Wahala dey! Nigeria’s FX reserves down 19.5% to $35.8bn

by Tunji Andrews

Indications of the official website of the Central Bank of Nigeria, has indicated that the country’s external reserves fell to $35.8bn on December 9, down 19.5%, down from the $44.5bn it was at same period in 2013.

Off the back of the CBN’s intense defence of the Naira, which has seen the CBN spend about $29bn, YTD defending the Naira. An analysis of the drop shows that the fall rate picked up in the last few months, dropping almost $200,000 daily, as the CBN stepped up its defence of the naira currency from the foreign exchange reserves.

The reserves, which stood at $37.7bn a month ago, had fallen by $2bn within one month: it tumbled from $39.1bn on October 21 to $37.1bn on November 21.
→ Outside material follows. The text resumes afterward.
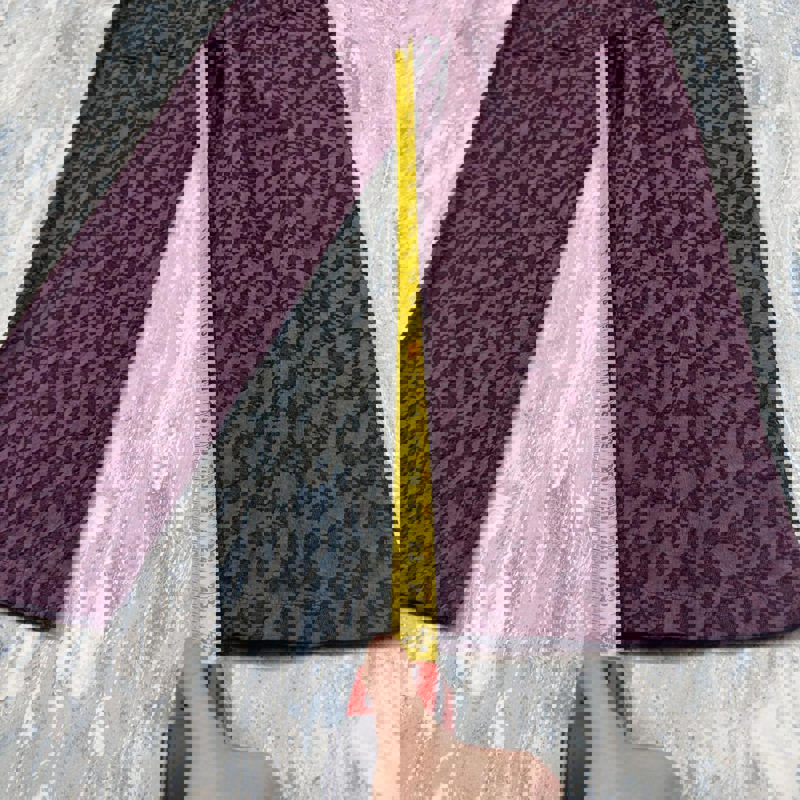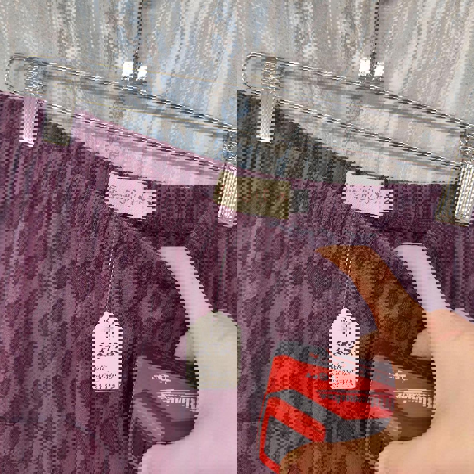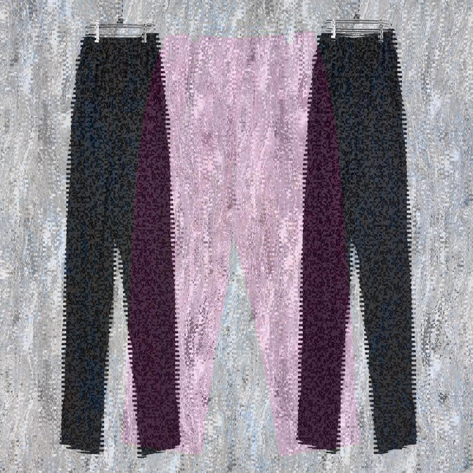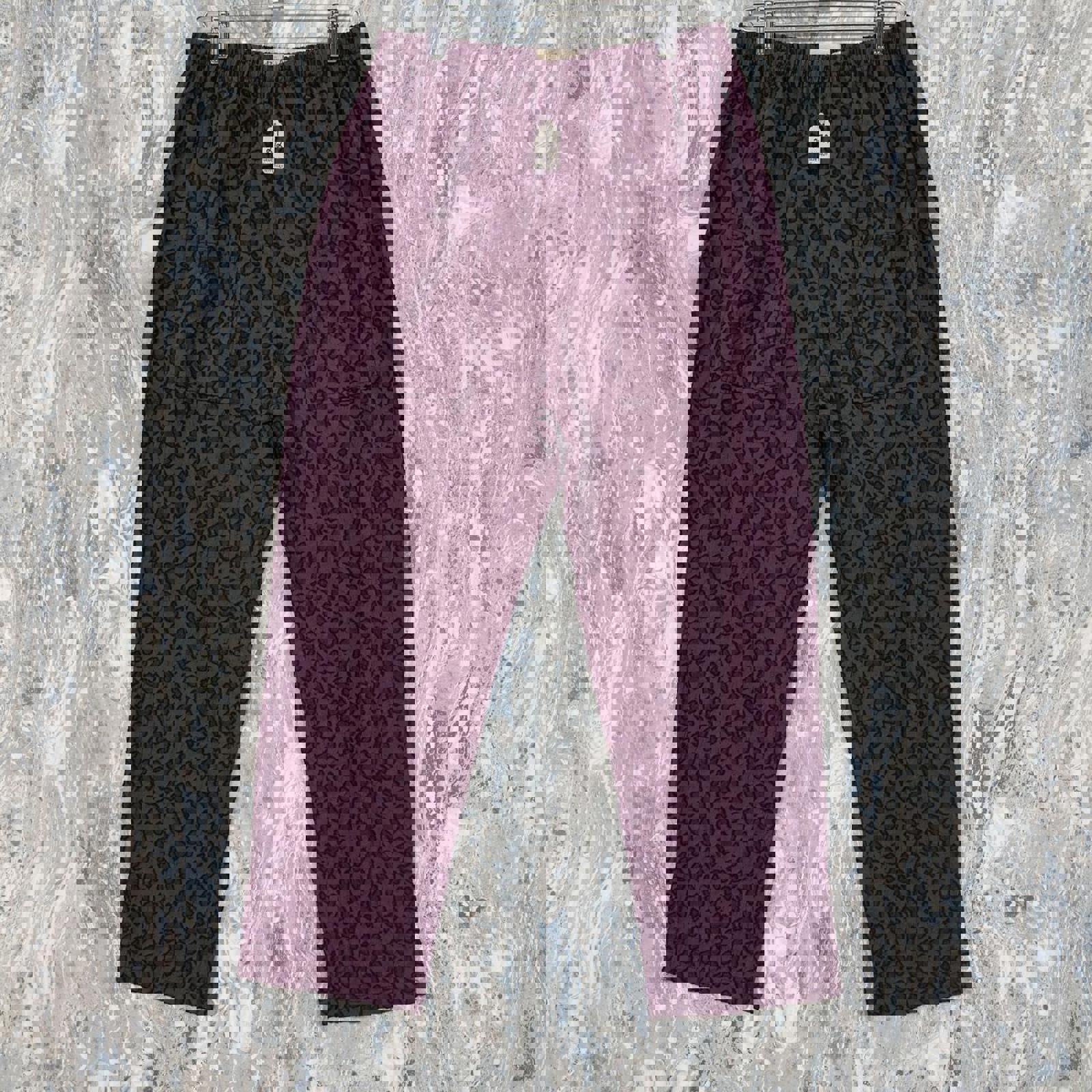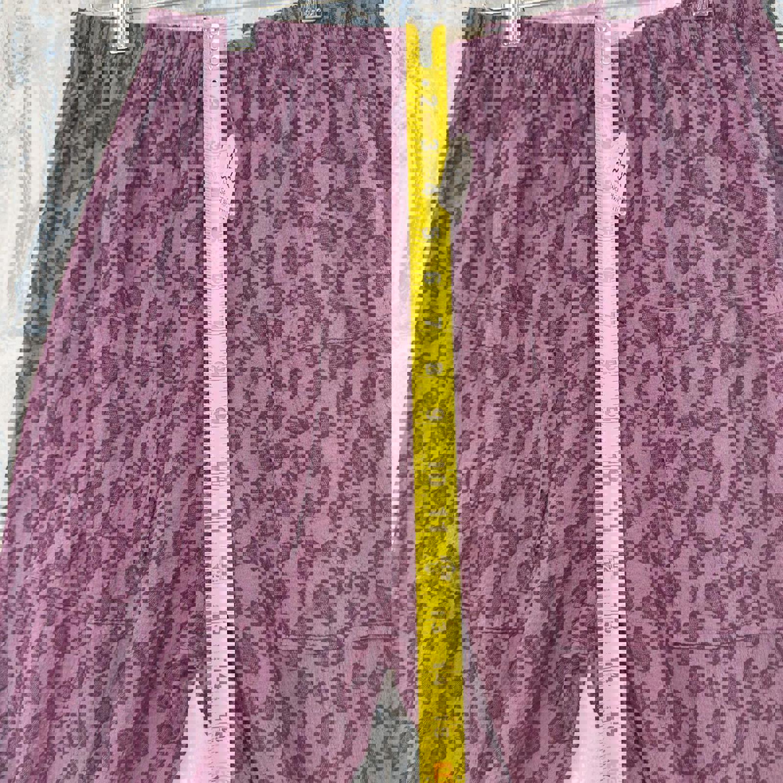 Mid-rise purple pants with a subtle leopard print and practical front pockets.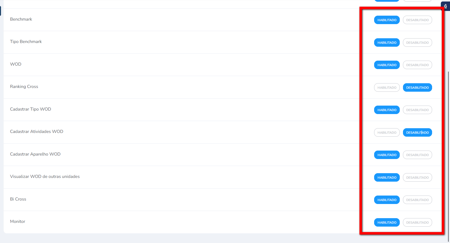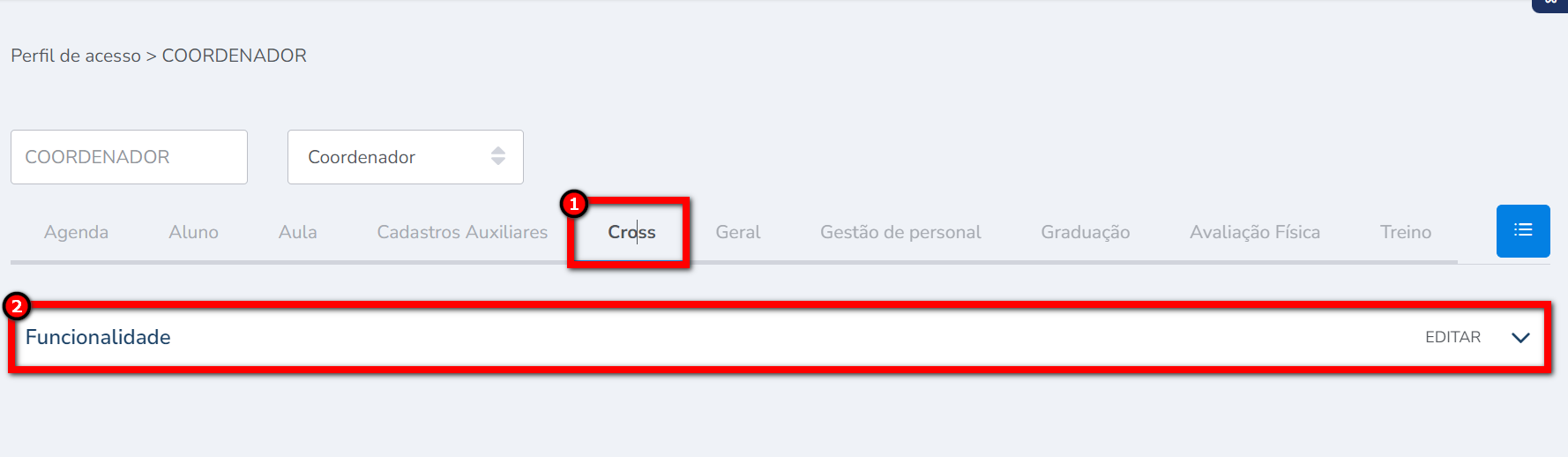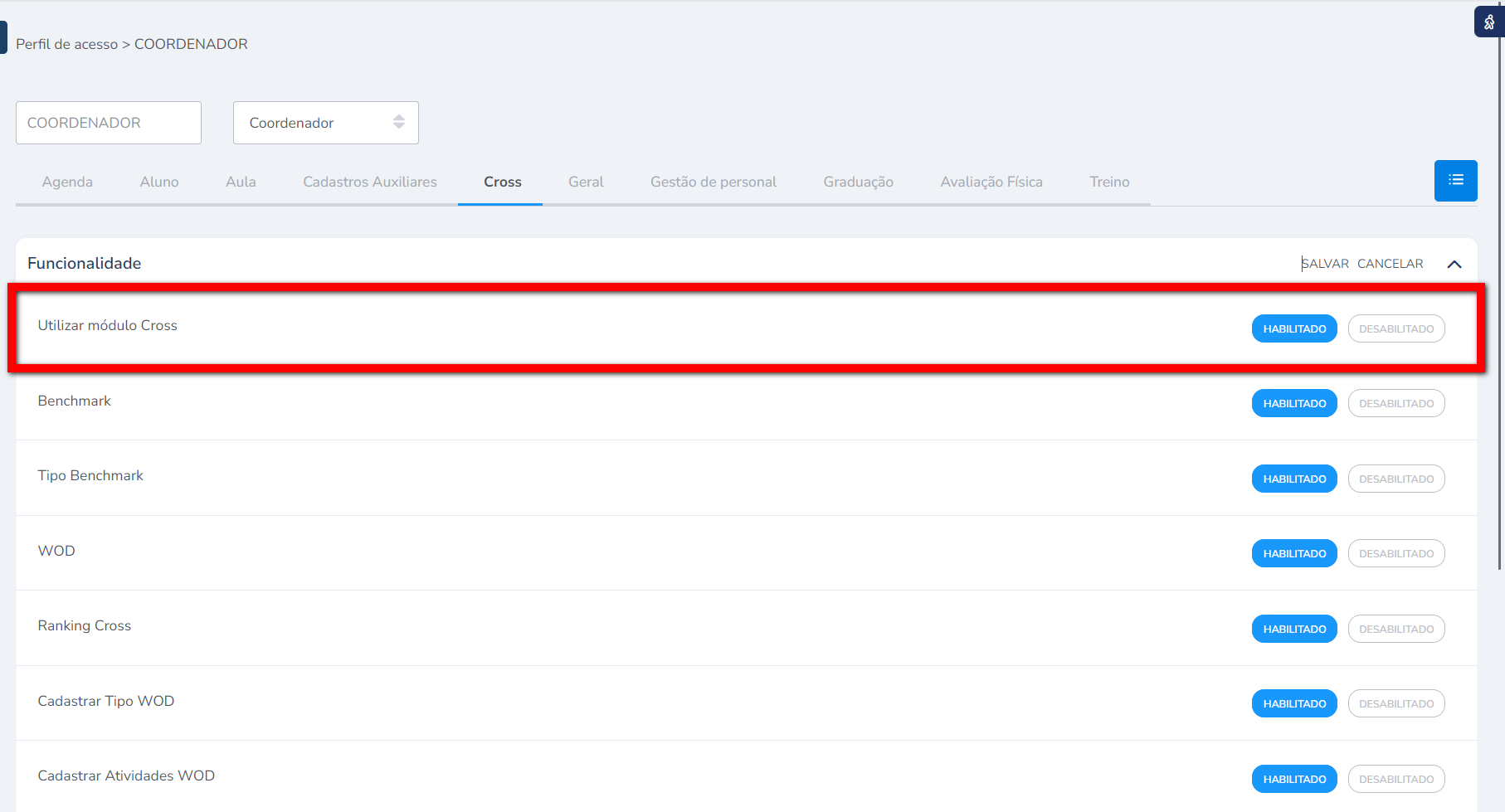 Para utilizar o módulo Cross, é necessário que os usuários tenham as permissões para realizar as operações no módulo, tais como cadastrar WOD, Benchmarks dentre outros.

The naira has fallen 12.1 percent against the dollar this year, including a one-off, 8 percent devaluation by the central bank last month, as global oil prices plunged.

On November 25, however, the central bank devalued the local currency in a bid to reduce pressure on the national currency.

CBN governor, Mr. Godwin Emefiele, last Friday, said that the apex bank was forced to devalue the national currency in the face of the depleting reserves.

Emefiele said, “The CBN has spent a substantial amount of its reserves in shoring up the naira and in contrast, inflow of forex into the banks or the country has been less than anticipated in view of dwindling oil prices.

“The CBN took the decision that it would be sub-optimal to continue to heavily deplete the country’s reserves in defending the naira. This decision was appropriate because neither the central bank nor the federal government is in control of the major factors causing the depreciation of the nation’s currency.”

Arguing further, he said, “In fact the Russian central bank has abandoned its defense of the currency and allowed the depreciation of the currency, but only after it was said to have spent over $90 billion in defending the currency over a couple of months.”

Brent crude oil slipped below $66 a barrel on Wednesday, just above a five-year low, on mounting signs of oversupply and lacklustre demand as global economic growth falters.

The price of the North Sea oil benchmark has fallen more than 40 percent since June as new supplies of high-quality crude from North America have fed a glut of fuel in many parts of the world.